- WORK TO COMPLETE
Write out the following listing's lines from the one with "Обложки ПВХ для" to the one with "Mehmet Tosun, Bitez’in", exactly, with both included and no others.

- RECORDS PROVIDED
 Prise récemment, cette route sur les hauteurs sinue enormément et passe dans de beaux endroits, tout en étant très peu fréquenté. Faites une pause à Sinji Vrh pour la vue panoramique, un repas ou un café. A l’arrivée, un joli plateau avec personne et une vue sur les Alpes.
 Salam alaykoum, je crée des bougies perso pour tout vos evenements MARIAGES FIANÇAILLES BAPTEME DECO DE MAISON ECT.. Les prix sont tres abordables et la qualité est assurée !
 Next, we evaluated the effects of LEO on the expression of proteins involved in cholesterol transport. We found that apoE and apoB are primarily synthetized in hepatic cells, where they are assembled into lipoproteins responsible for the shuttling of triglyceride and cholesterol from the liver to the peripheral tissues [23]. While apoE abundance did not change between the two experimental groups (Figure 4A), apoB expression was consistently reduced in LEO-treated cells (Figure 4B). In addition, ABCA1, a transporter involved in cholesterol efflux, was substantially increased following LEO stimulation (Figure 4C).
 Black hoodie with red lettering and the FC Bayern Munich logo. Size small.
==
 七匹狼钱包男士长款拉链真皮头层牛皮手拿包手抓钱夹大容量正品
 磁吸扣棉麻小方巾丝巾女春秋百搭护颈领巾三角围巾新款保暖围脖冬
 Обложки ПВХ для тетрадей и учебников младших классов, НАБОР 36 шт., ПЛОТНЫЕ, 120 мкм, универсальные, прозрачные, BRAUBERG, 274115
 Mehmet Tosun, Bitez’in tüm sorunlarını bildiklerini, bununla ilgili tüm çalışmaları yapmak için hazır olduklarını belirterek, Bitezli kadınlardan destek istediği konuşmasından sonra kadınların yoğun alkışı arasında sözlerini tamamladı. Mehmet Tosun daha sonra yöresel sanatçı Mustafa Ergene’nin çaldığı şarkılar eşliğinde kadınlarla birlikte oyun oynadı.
--
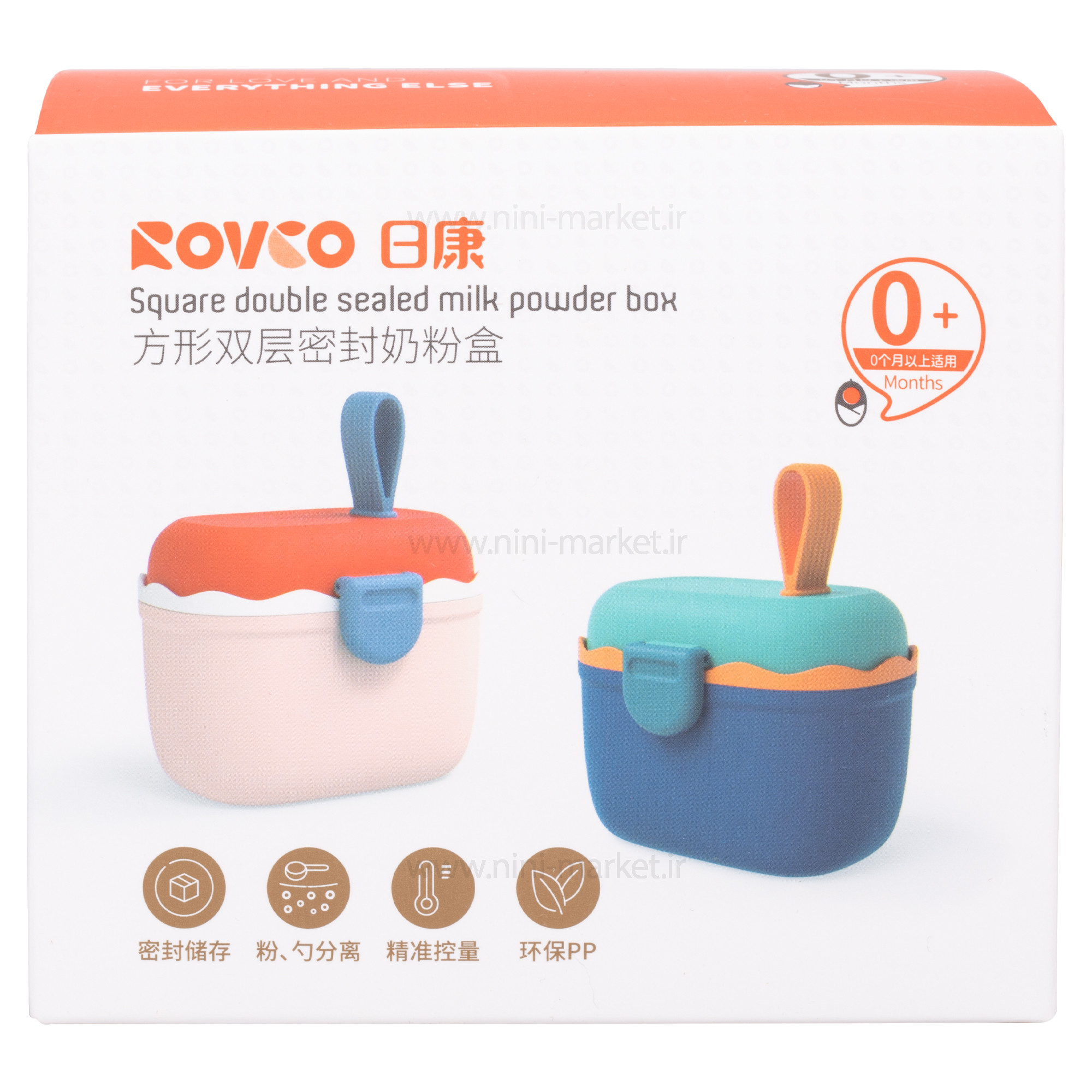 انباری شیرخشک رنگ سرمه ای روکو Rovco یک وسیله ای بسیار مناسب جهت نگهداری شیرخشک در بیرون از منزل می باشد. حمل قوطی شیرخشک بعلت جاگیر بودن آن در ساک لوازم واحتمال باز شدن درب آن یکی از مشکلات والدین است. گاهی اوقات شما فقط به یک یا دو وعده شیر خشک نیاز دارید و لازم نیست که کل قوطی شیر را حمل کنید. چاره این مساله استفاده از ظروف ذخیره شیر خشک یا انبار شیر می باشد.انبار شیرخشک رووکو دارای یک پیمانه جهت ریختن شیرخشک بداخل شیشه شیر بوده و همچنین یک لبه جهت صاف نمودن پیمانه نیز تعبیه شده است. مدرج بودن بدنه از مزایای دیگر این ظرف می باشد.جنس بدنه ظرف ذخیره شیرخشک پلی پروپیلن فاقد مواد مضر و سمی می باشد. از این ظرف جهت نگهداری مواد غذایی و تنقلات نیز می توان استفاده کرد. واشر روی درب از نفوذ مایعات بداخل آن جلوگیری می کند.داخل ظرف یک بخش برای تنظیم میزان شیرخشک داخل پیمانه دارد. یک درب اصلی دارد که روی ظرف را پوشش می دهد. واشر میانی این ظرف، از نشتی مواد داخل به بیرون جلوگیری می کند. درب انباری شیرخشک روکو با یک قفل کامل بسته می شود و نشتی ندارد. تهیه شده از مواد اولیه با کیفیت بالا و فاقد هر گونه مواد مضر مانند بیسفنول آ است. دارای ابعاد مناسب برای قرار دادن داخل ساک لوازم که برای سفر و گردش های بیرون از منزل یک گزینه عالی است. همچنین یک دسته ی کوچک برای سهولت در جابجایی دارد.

- EXERCISE SOLUTION
 Обложки ПВХ для тетрадей и учебников младших классов, НАБОР 36 шт., ПЛОТНЫЕ, 120 мкм, универсальные, прозрачные, BRAUBERG, 274115
 Mehmet Tosun, Bitez’in tüm sorunlarını bildiklerini, bununla ilgili tüm çalışmaları yapmak için hazır olduklarını belirterek, Bitezli kadınlardan destek istediği konuşmasından sonra kadınların yoğun alkışı arasında sözlerini tamamladı. Mehmet Tosun daha sonra yöresel sanatçı Mustafa Ergene’nin çaldığı şarkılar eşliğinde kadınlarla birlikte oyun oynadı.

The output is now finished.